Reversal potential estimate in perforated patch-recordings

Perforated patch recordings to estimate the E_Cl were performed in the presence of spontaneous up and down state activity, i.e., in the absence of DNQX. For each connection, about 10 postsynaptic responses to presynaptic bursts at 20 Hz were averaged at different membrane potentials induced by depolarizing somatic current injections. Changes in postsynaptic depolarization to the first spike in a burst were used to calculate E_Cl. These experiments required relatively strong current injections, which can result in an overestimation of membrane potential values due to the pipette serial resistance. This was partially corrected for by comparing the threshold of action potentials from suprathreshold steady-state current injections with the threshold of spontaneous action potentials during up-states. The differences in action potential thresholds were used to estimate the error from serial resistance for a given current injection, which was subtracted from corresponding measured steady-state voltages. These corrections were in the range of a few millivolts.

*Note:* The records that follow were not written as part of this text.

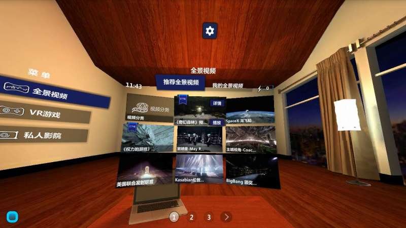 值得一提的是,脑穿越VR在交互操控上做了不少优化,例如利用“视觉准心+陀螺仪”的操控方式,使得用户只需要头部转动来控制画面中的准心,停留3秒就能直接下载或者打开内容。
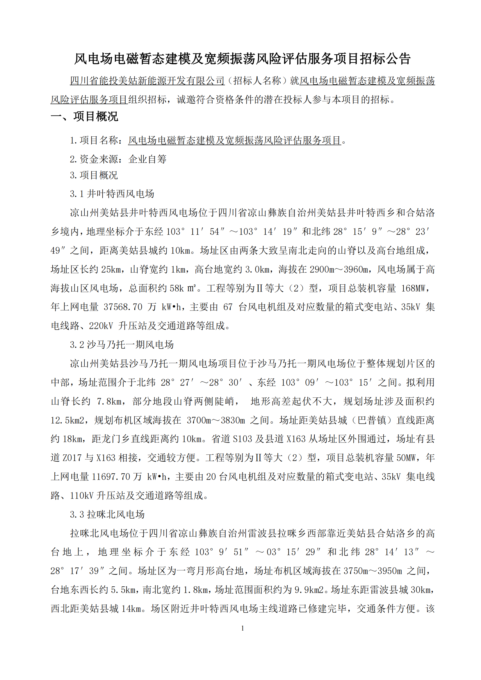 本项目招标范围为:四川省能投美姑新能源开发有限公司所属井叶特西风电场、沙马乃托一期风电场及四川省能投雷波新能源开发有限公司所属拉咪北风电场电磁暂态建模及宽频振荡风险评估服务。工作内容包括(但不限于):
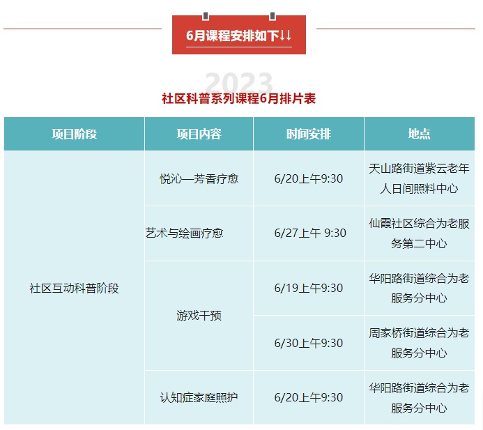 从本月起,万宏养老集团将在原有课程础上,继续推出以元认知记忆训练、认知症家庭照护、游戏干预及舞蹈为主题的系列公益课程,持续完善老年认知障碍设施布局、健全社区和家庭支持、优化多元照护服务、营造关爱包容的友好氛围,为社区老人保驾护航。
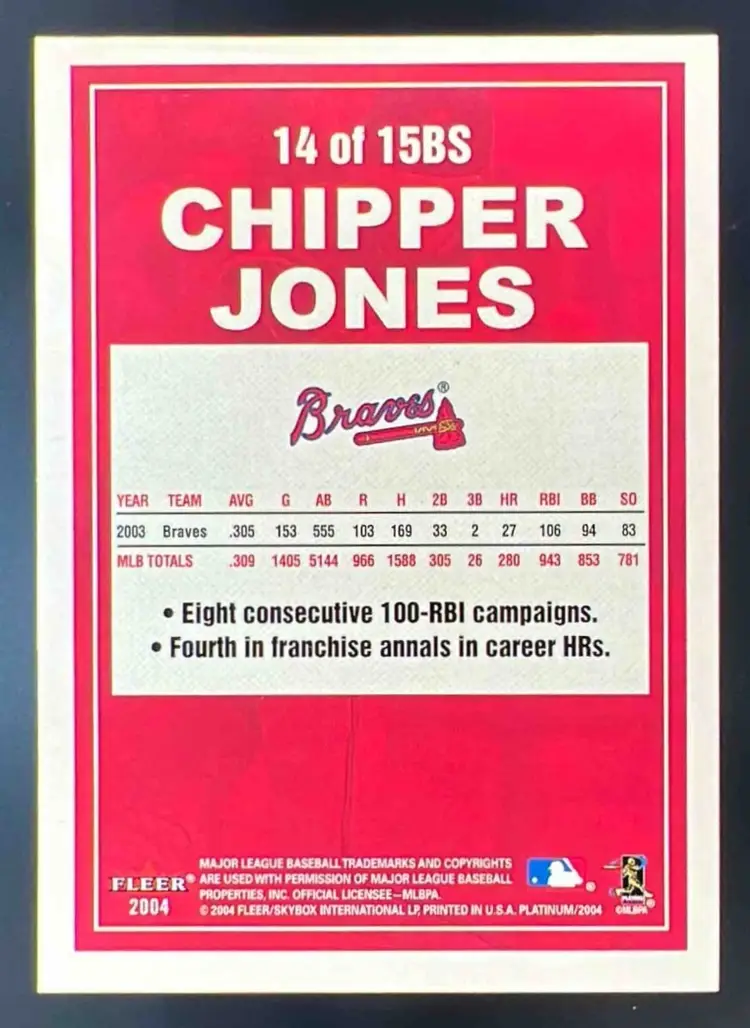 2004 Fleer Baseball Platinum Chipper Jones Big Signs #14BS Atlanta Braves
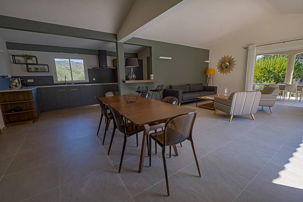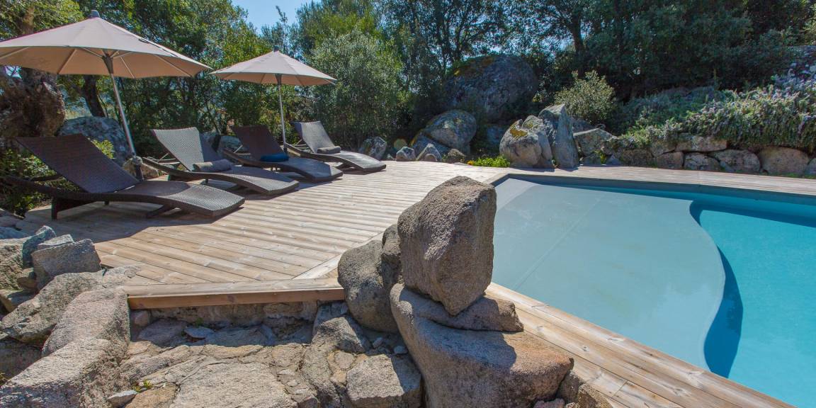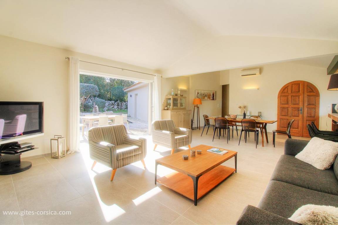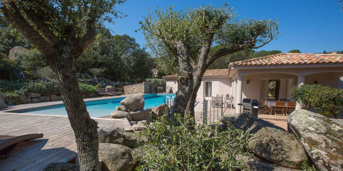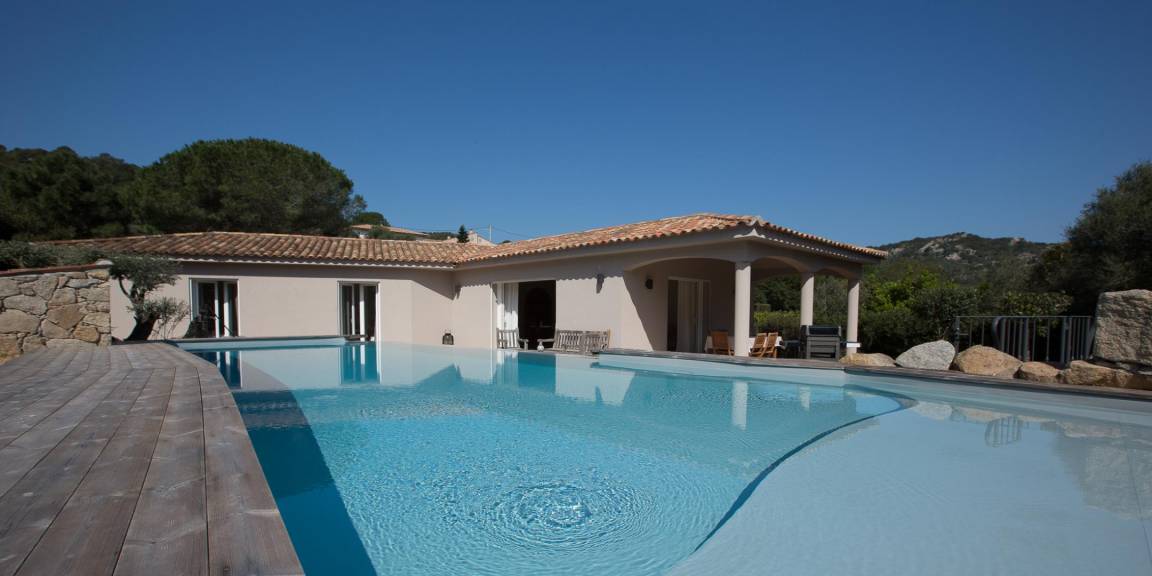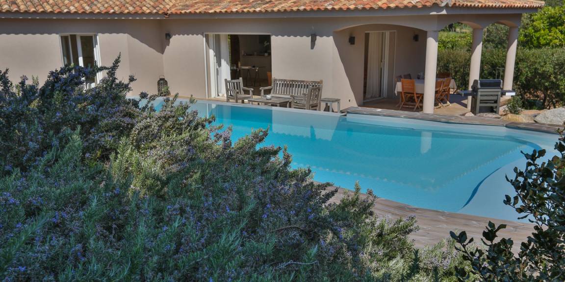 „- maison de plein pieds très pratique quand on a des petits et spacieuse. - belle piscine a débordement avec plateforme spéciale pour petit enfant (très pratique) - jardin paysagé autour de la piscine très raffiné ainsi qu'un espace extérieur couvert, pour y prendre les repas. - belles plages tout près en voiture. Pas loin de Porto vecchio aussi. - Accueil de la propriétaire très agréable. NB: à recommander pour un séjour en famille.“
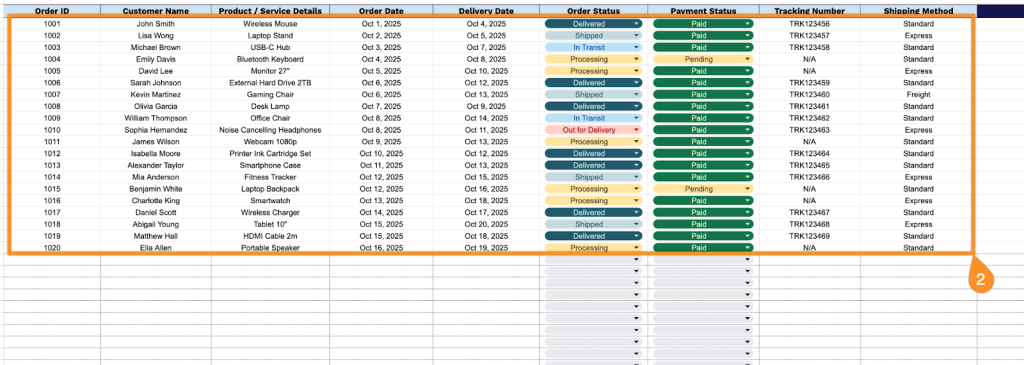 • Integrated shipping logistics: Monitor deliveries with dedicated Tracking Number and Shipping Method columns that accommodate multiple carriers and shipping options. This centralized approach eliminates the need to check various carrier websites for order updates.

Effect of depolarizing GABAergic feedback inputs on action potential timing on depolarization

The effect of preceding depolarizing GABAergic inputs onto action potential firing and timing on suprathreshold depolarization was studied in two different ways. First, a presynaptic action potential burst (10 action potentials at 60 Hz) was used to elicit depolarizing PSPs in the postsynaptic neuron during the down-state. Immediately after the burst, a cortical single shock stimulation (100 µs, 50 µA; mono-polar tungsten electrode, WPI) was used to elicit an up-state in striatal neurons. Paired stimuli were alternated with cortical stimulation only at an inter up-state interval of 5 s. Number of action potentials and delay to first action potential were analyzed for paired and unpaired up-state activity. Second, a presynaptic action potential burst (10 action potentials at 60 Hz) was followed immediately by a suprathreshold somatic current pulse injection (1-s duration). The intensity of the suprathreshold current pulse was adjusted to achieve a delay in action potential onset of 100–400 ms. About 10 responses were averaged for each neuron and the delay to first action potential in response to current injection was compared for controls and paired responses. The controlled current pulse injection and paired injection was separated by 6 s to prevent serial effects on action potential onset from preceding suprathreshold depolarization (Mahon et al. 2000).

Statistical data analysis

Data analysis was performed in Origin V6.0, Excel (Microsoft, Seattle, WA), Matlab (MathWorks), and StatView V5.0 (SAS Institute, Cary, NC). Paired comparisons of medians were done using the nonparametric Mann-Whitney U-test, if not stated otherwise. Correlation was estimated by regression analysis. Data are expressed as means ± SE, unless otherwise stated.

	RESULTS

TOP ABSTRACT INTRODUCTION METHODS RESULTS DISCUSSION GRANTS ACKNOWLEDGMENTS REFERENCES

 
Identification of SP neurons and FS interneurons in cortex-striatum-substantia nigra cultures

We recorded in whole cell configuration from 92 SP neurons and 48 FS interneurons in mature cortex-striatum-substantia nigra organotypic cultures grown for 3–5 wk. SP neurons were identified by a strong inward rectification at hyperpolarized potentials and a long latency to first action potential in response to current injections, whereas FS interneurons had a linear steady-state current-voltage relationship and fired abruptly at high frequencies early during suprathreshold current injection (Fig. 1, A and B) (Blackwell et al. 2003; Farries and Perkel 2000; Kawaguchi 1993; Kawaguchi et al. 1989). The combination of a relatively negative resting membrane potential and long action potential width separated SP neurons from FS interneurons (Fig. 1C; Table 1). Action potential threshold was identical for both neurons, whereas action potential amplitude was 10 mV smaller in FS interneurons (Table 1). Both populations were also clearly distinguished by the earlier and larger action potential afterhyperpolarization (AHP) in FS interneurons (Fig. 1, D and E; Table 1). Anatomical reconstruction of electrophysiologically identified FS interneurons (7/7) showed the characteristic smooth dendrites and fusiform soma of these neurons (Fig. 1F) (Kawaguchi 1993; Plenz and Kitai 1998b).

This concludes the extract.